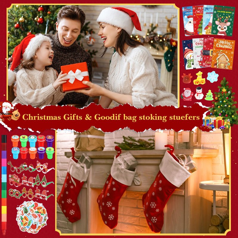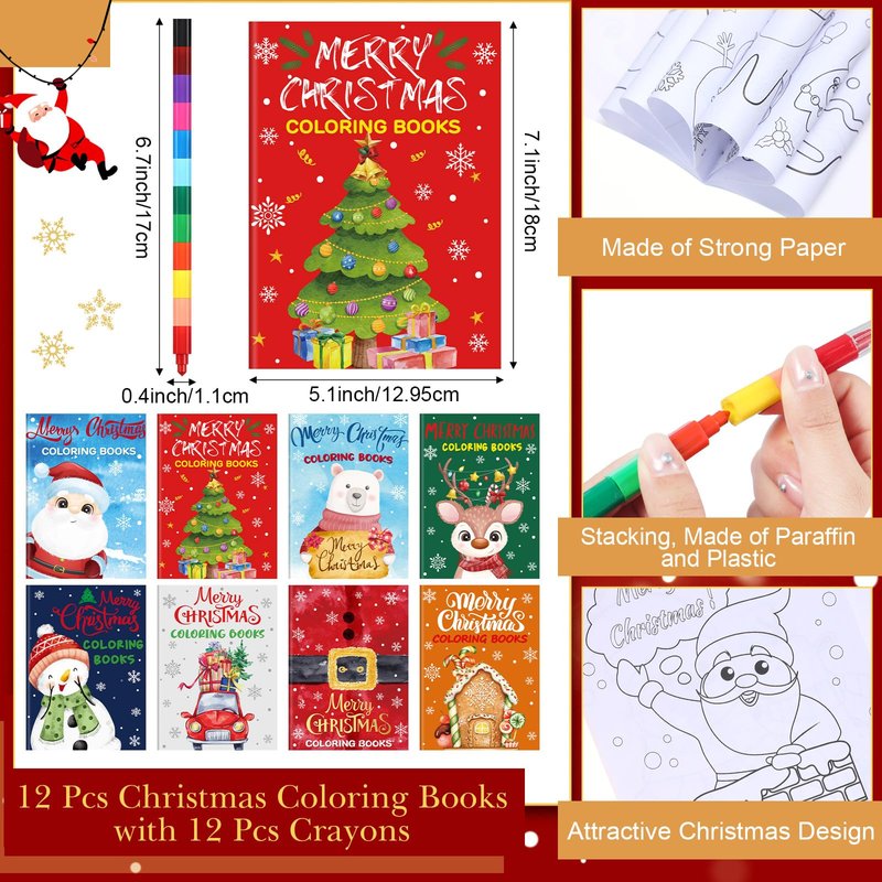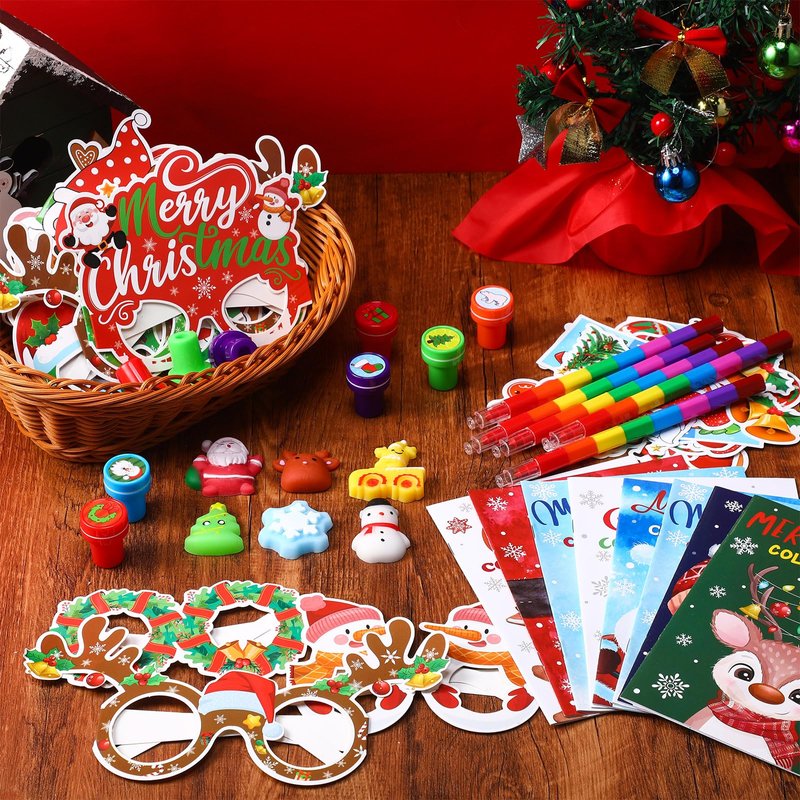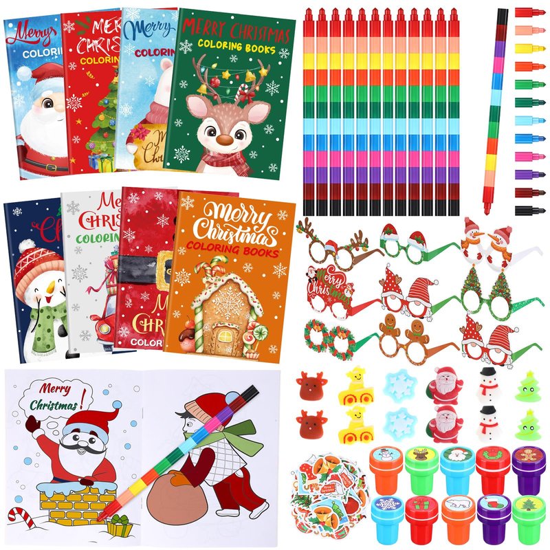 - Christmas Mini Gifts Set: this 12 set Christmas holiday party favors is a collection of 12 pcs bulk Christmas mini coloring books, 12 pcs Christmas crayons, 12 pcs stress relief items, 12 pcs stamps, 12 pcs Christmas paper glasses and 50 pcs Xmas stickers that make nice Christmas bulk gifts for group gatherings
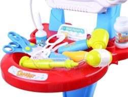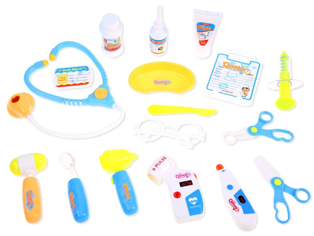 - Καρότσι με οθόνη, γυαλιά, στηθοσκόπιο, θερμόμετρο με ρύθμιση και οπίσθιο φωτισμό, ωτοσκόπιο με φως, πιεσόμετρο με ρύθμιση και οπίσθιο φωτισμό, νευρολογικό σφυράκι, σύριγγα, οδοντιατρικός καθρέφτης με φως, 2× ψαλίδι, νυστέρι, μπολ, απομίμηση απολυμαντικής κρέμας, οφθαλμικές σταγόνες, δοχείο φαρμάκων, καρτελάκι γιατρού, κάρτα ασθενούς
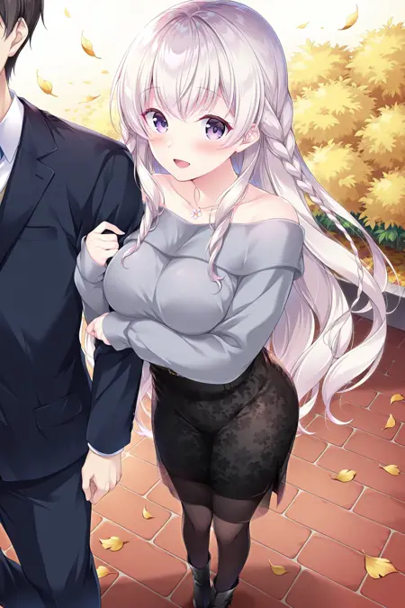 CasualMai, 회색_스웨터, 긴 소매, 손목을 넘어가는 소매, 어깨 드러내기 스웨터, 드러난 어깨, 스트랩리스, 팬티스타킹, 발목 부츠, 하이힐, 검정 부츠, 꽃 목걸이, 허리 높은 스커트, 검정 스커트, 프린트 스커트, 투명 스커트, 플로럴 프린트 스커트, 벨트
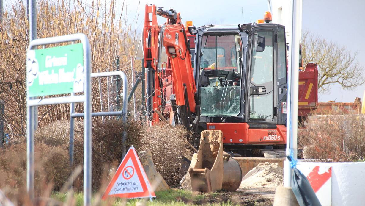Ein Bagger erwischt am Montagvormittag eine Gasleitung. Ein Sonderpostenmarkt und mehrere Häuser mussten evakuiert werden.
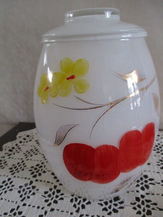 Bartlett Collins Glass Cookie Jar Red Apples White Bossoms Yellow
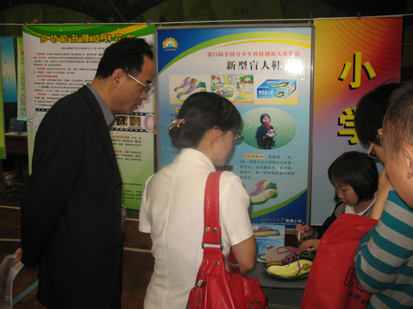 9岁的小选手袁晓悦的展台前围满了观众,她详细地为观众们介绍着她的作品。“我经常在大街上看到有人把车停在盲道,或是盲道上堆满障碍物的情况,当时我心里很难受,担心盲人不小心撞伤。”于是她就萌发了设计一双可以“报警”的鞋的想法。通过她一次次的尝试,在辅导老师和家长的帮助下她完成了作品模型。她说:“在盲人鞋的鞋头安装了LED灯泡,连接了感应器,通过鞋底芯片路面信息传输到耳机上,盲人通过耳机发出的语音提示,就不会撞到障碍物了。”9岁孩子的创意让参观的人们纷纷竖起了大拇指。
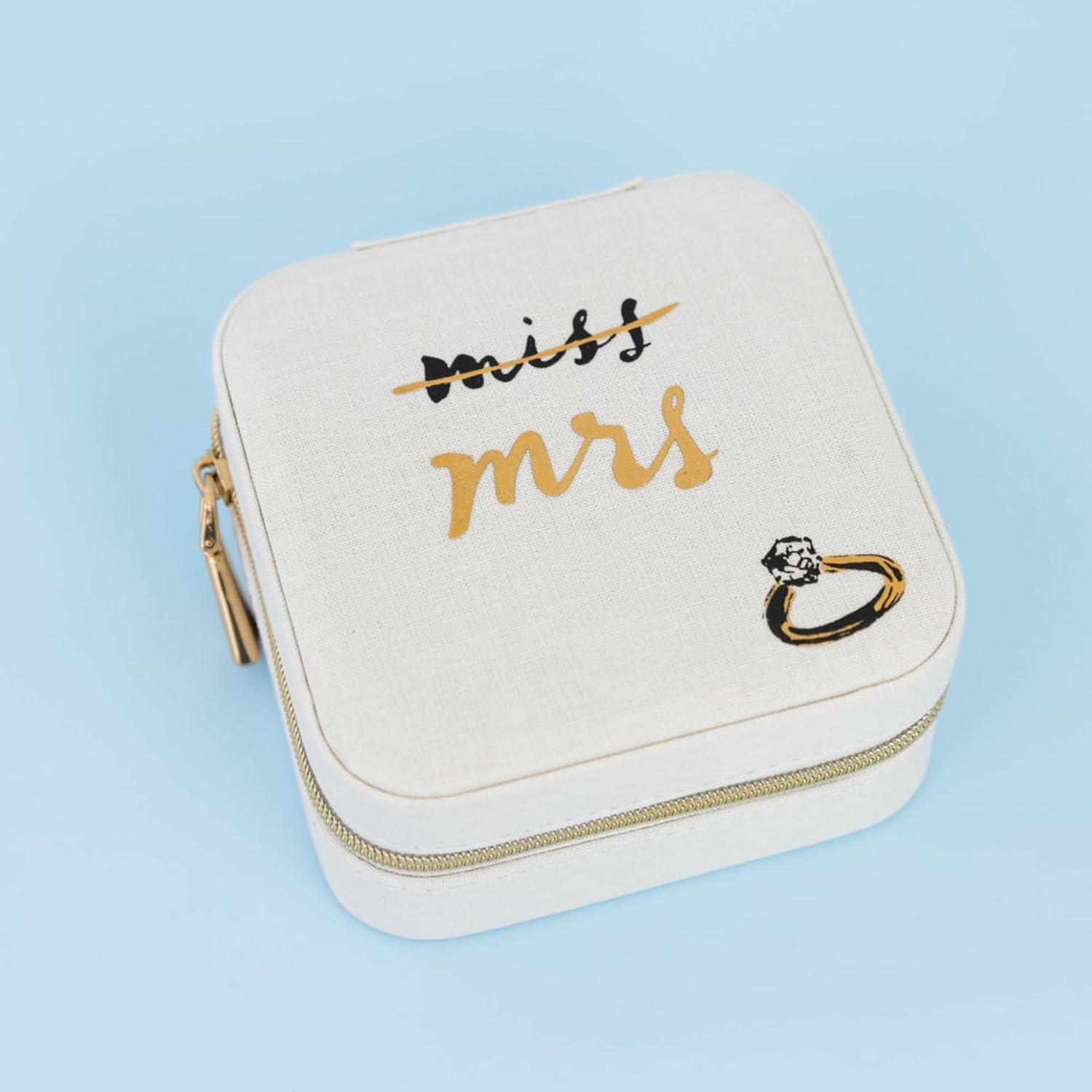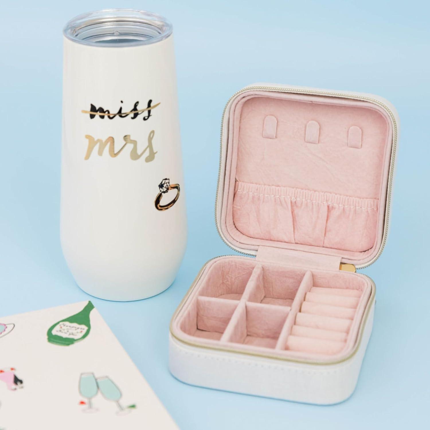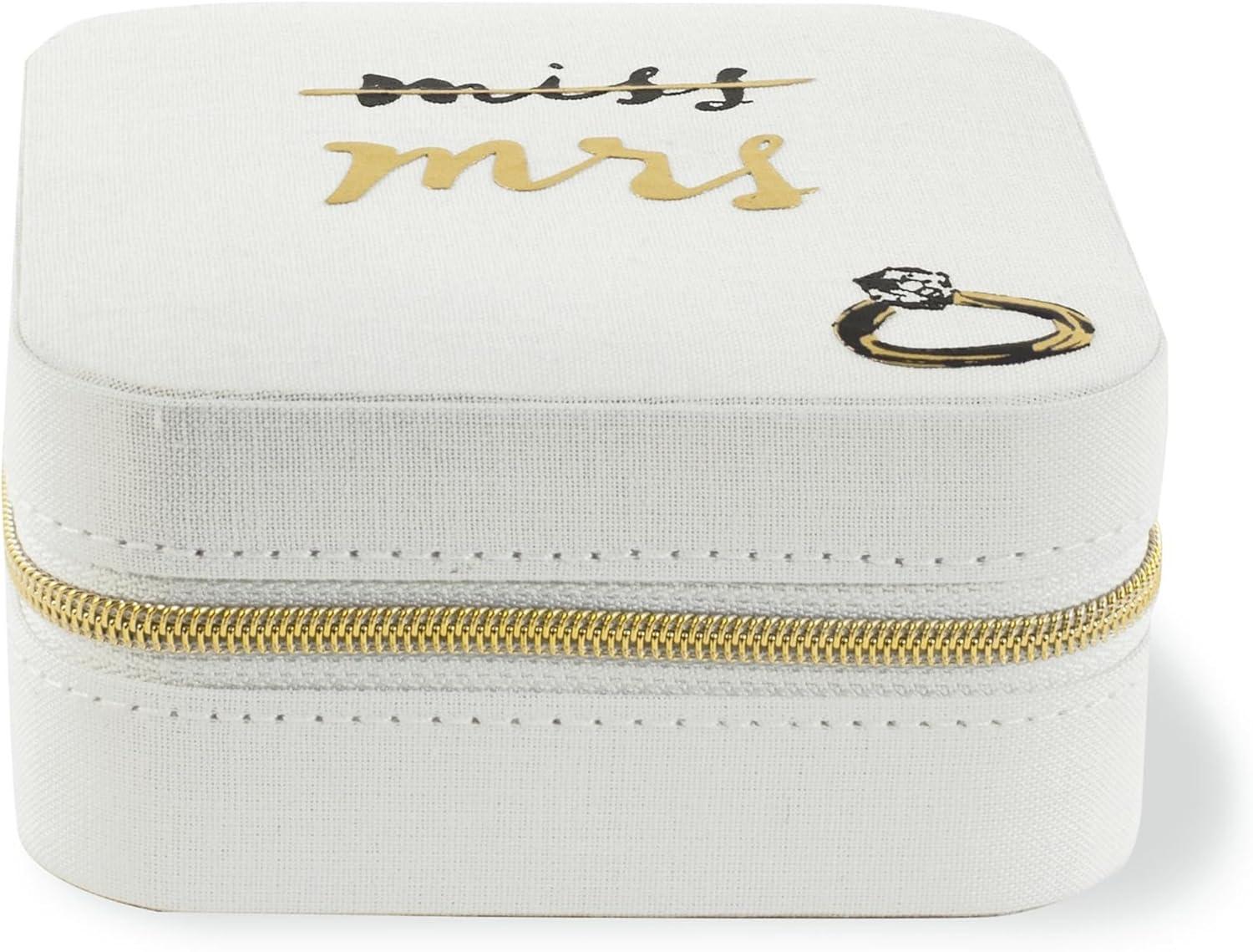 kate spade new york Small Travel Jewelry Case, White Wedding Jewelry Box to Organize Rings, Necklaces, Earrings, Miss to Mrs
________________
→ **Brief**
Pictures are to be left out, and each line from the one that contains "CasualMai, 회색_스웨터, 긴" through the end of the listing is to be copied exactly.

→ **The answer**
 CasualMai, 회색_스웨터, 긴 소매, 손목을 넘어가는 소매, 어깨 드러내기 스웨터, 드러난 어깨, 스트랩리스, 팬티스타킹, 발목 부츠, 하이힐, 검정 부츠, 꽃 목걸이, 허리 높은 스커트, 검정 스커트, 프린트 스커트, 투명 스커트, 플로럴 프린트 스커트, 벨트
Ein Bagger erwischt am Montagvormittag eine Gasleitung. Ein Sonderpostenmarkt und mehrere Häuser mussten evakuiert werden.
 Bartlett Collins Glass Cookie Jar Red Apples White Bossoms Yellow
 9岁的小选手袁晓悦的展台前围满了观众,她详细地为观众们介绍着她的作品。“我经常在大街上看到有人把车停在盲道,或是盲道上堆满障碍物的情况,当时我心里很难受,担心盲人不小心撞伤。”于是她就萌发了设计一双可以“报警”的鞋的想法。通过她一次次的尝试,在辅导老师和家长的帮助下她完成了作品模型。她说:“在盲人鞋的鞋头安装了LED灯泡,连接了感应器,通过鞋底芯片路面信息传输到耳机上,盲人通过耳机发出的语音提示,就不会撞到障碍物了。”9岁孩子的创意让参观的人们纷纷竖起了大拇指。
 kate spade new york Small Travel Jewelry Case, White Wedding Jewelry Box to Organize Rings, Necklaces, Earrings, Miss to Mrs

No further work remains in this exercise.